# My new Halloween toy



## Maryellen (Jan 21, 2015)

I buy one thing every year for Halloween. .. this is this years... yes it's life size.... I'm so excited to use it. It's motion activated too..










Sent from my SM-G900V using Chicken Forum mobile app


----------



## chickenqueen (Jan 9, 2016)

That's really cool looking!What does it do?I love looking at Halloween decorations.


----------



## robin416 (Sep 8, 2013)

Leave it to Maryellen to find something like this.


----------



## chickenqueen (Jan 9, 2016)

At least she didn't have to put it in her incubator to hatch it.....


----------



## dawg53 (Aug 25, 2015)

Reminds me of a demon rooster I used to have.


----------



## Maryellen (Jan 21, 2015)

It's eyes light up and it roars.
I would have loved to have hatched it in the incubator

Sent from my SM-G900V using Chicken Forum mobile app


----------



## seminole wind (Aug 22, 2015)

How tall is it?


----------



## Maryellen (Jan 21, 2015)

It's probably 5 feet tall

Sent from my SM-G900V using Chicken Forum mobile app


----------



## chickenqueen (Jan 9, 2016)

What do your animals think of it?5' is almost as tall as me so it's pretty big.My dog would be terrified but I'm sure it would be hilarious.


----------



## Maryellen (Jan 21, 2015)

The dogs were fine with it, I can't wait to put it on the front yard lol

Sent from my SM-G900V using Chicken Forum mobile app


----------



## robin416 (Sep 8, 2013)

I can tell you I have some creatures that would have an absolute fit. The Guineas.


----------



## Maryellen (Jan 21, 2015)

Yeah my neighbors guineas are going to flip when I put the dragon out as they always come in my front yard.
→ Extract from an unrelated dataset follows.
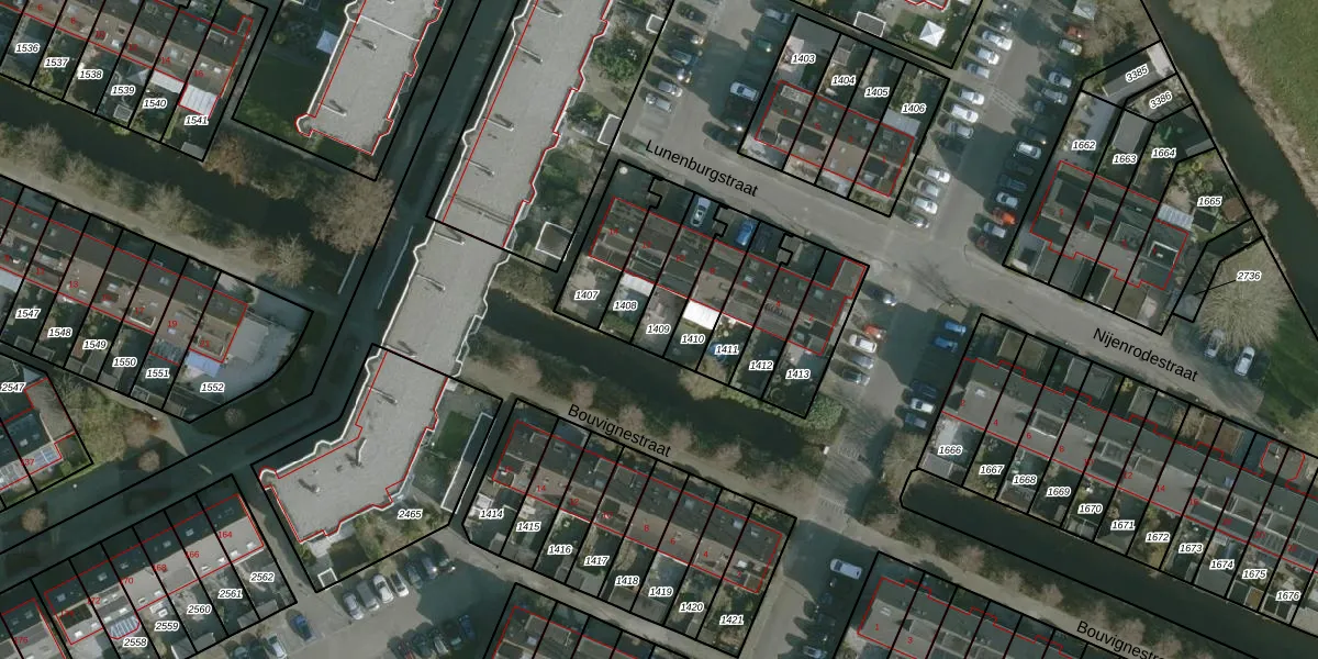 Gebruik de zoekbalk of klik op een perceel om informatie over het perceel te bekijken.
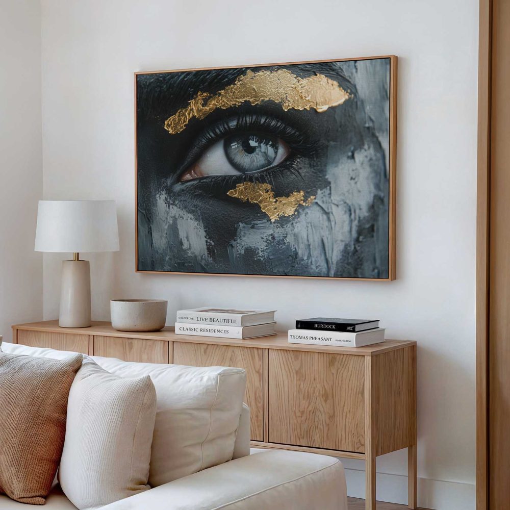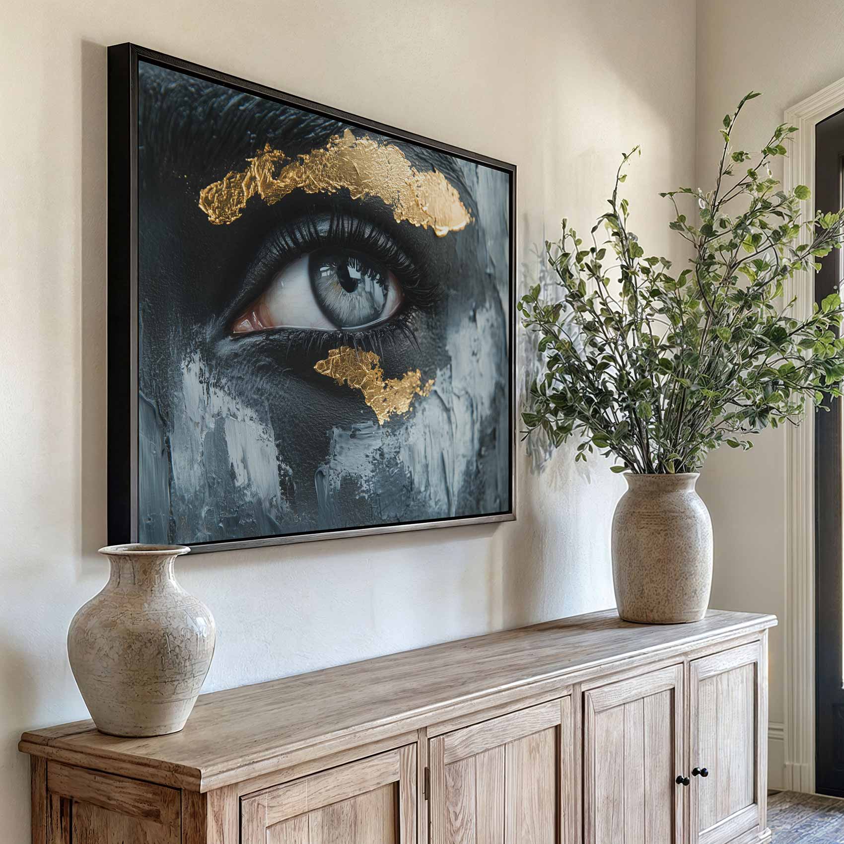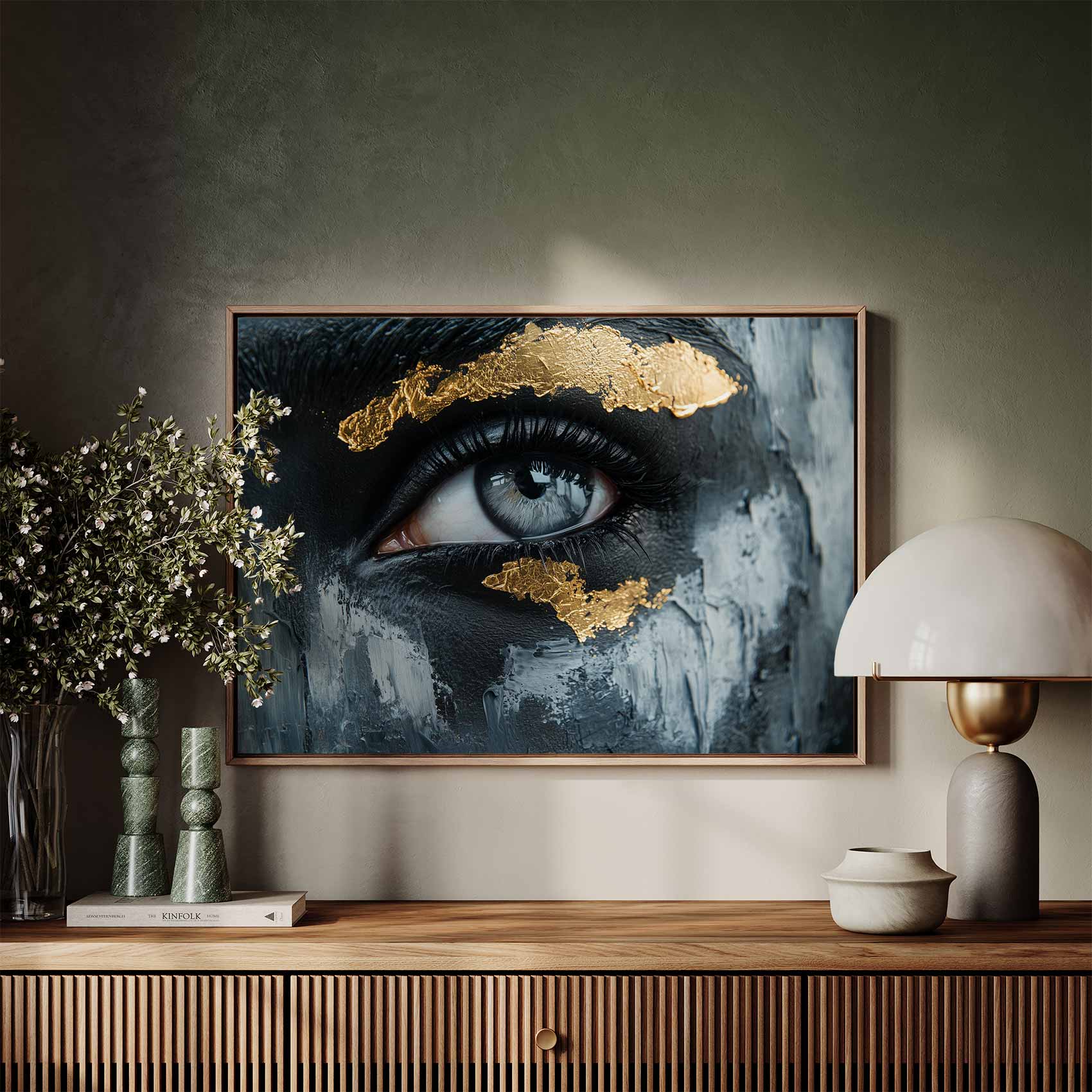 Terug naar collectie / Schilderijen / Abstract Schilderij / Gouden Glamour Oogmake-up

Bill sold the 2nd dragon on ebay abd used the money we got to buy another Halloween prop ans some small ones Lol

This clown moves and screams when you take candy out of the bowl



















Sent from my SM-G900V using Chicken Forum mobile app


----------



## chickenqueen (Jan 9, 2016)

I LOVE the clown!!!I'm coming to your house for Halloween!!!What kind of car is it in?I can tell by the style it's what, 60's?I miss those little corner windows and bench seats of the older cars.


----------



## Maryellen (Jan 21, 2015)

It's a Mustang 

Sent from my SM-G900V using Chicken Forum mobile app


----------